Marlins top Milwaukee 13-5

Once the Florida Marlins started hitting again, everyone in their dugout seemed relieved.

Cody Ross hit a three-run home run to spark Florida's biggest inning of the season, Cameron Maybin hit an inside-the-park homer to help turn the game into a rout and the Marlins erased an early four-run deficit to beat the Milwaukee Brewers 13-5 on Monday.

Chris Coghlan led off what became a seven-run sixth with a single, then added a two-run triple 20 minutes later for the Marlins, who scored four more in the seventh -- the last two coming on Maybin's line drive to center that he beat without even sliding at the plate, crossing with both arms raised.
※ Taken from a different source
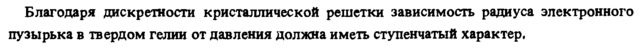 Благодаря дискретности кристаллической решетки зависимость радиуса электронного пузырька в твердом гелии от давления должна иметь ступенчатый характер.

"Funny how this game works," Ross said. "For the first five innings or whatever it was, it looked like the same old team that's been playing the last few days. And then all of a sudden, we score seven. That's what makes our game so beautiful. You can be down and out, and the next thing you know, you feel like you're on top of the world and nobody can get you out. It's mindboggling."

Entering the sixth inning, the Marlins were in a 15-for-109 skid.
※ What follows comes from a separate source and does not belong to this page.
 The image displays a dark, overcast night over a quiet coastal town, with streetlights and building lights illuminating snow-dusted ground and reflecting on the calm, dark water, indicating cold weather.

They went 12 for 20 the rest of the way.

"It was pretty much an avalanche," Brewers manager Ken Macha said.

Ross finished with four RBIs, the second time he's done that this season. Jorge Cantu drove in three runs, while Ronny Paulino and Coghlan each finished with three hits for Florida, which matched a season-high with 13 runs.

"I think that's what our lineup is capable of doing," Coghlan said.

Corey Hart hit his 13th homer and finished with two RBIs for Milwaukee, which led 4-0 after 51/2 innings. Rickie Weeks had two RBIs and Ryan Braun hit a RBI double for the Brewers.

"The game starts to get away from you a lot of things look ugly," Macha said.

Marlins starter Nate Robertson gave up eight hits and four runs in 5 1-3 innings. Jorge Sosa (1-0) got the win in relief, retiring the last two batters of the sixth.

In the sixth, either Florida's bats decided to awaken, Milwaukee starter Chris Narveson (4-3) wilted in the 89-degree heat -- or both.

Coghlan led off with a single, scored three batters later on Cantu's groundout, then Ross snapped an 0-for-11 drought with his fifth homer of the year.

"It drifted up," Narveson said. "He was obviously looking up there and ended up getting a pitch he can drive. It's tough because that was the turning point in the game."

The Marlins sent 11 batters to the plate in the inning, taking their first lead on a pinch-hit single by Mike Lamb, then going up 7-4 when Coghlan's triple to right rolled to the wall, allowing Lamb and Maybin to score.

Without warning, Florida was rolling.

Everything worked: Dan Uggla even scored from first on a double by Ross in the seventh, narrowly beating George Kottaras' tag for an 8-4 lead. The Brewers thought Uggla missed the plate.

"It kind of turned the game around," Kottaras said.

Narveson was chased after getting charged with five earned runs, and the Brewers' bullpen wasn't much better, Carlos Villanueva and Marco Estrada giving up a combined five hits and six runs in 1 1-3 innings. Estrada gave up Maybin's inside-the-parker, a line drive that got past center fielder Carlos Gomez.

Rounding first, Maybin said base coach Dave Collins was yelling "Four! Four! Four!" -- and sure enough, he touched all four bases. "It was pretty exciting," Maybin said.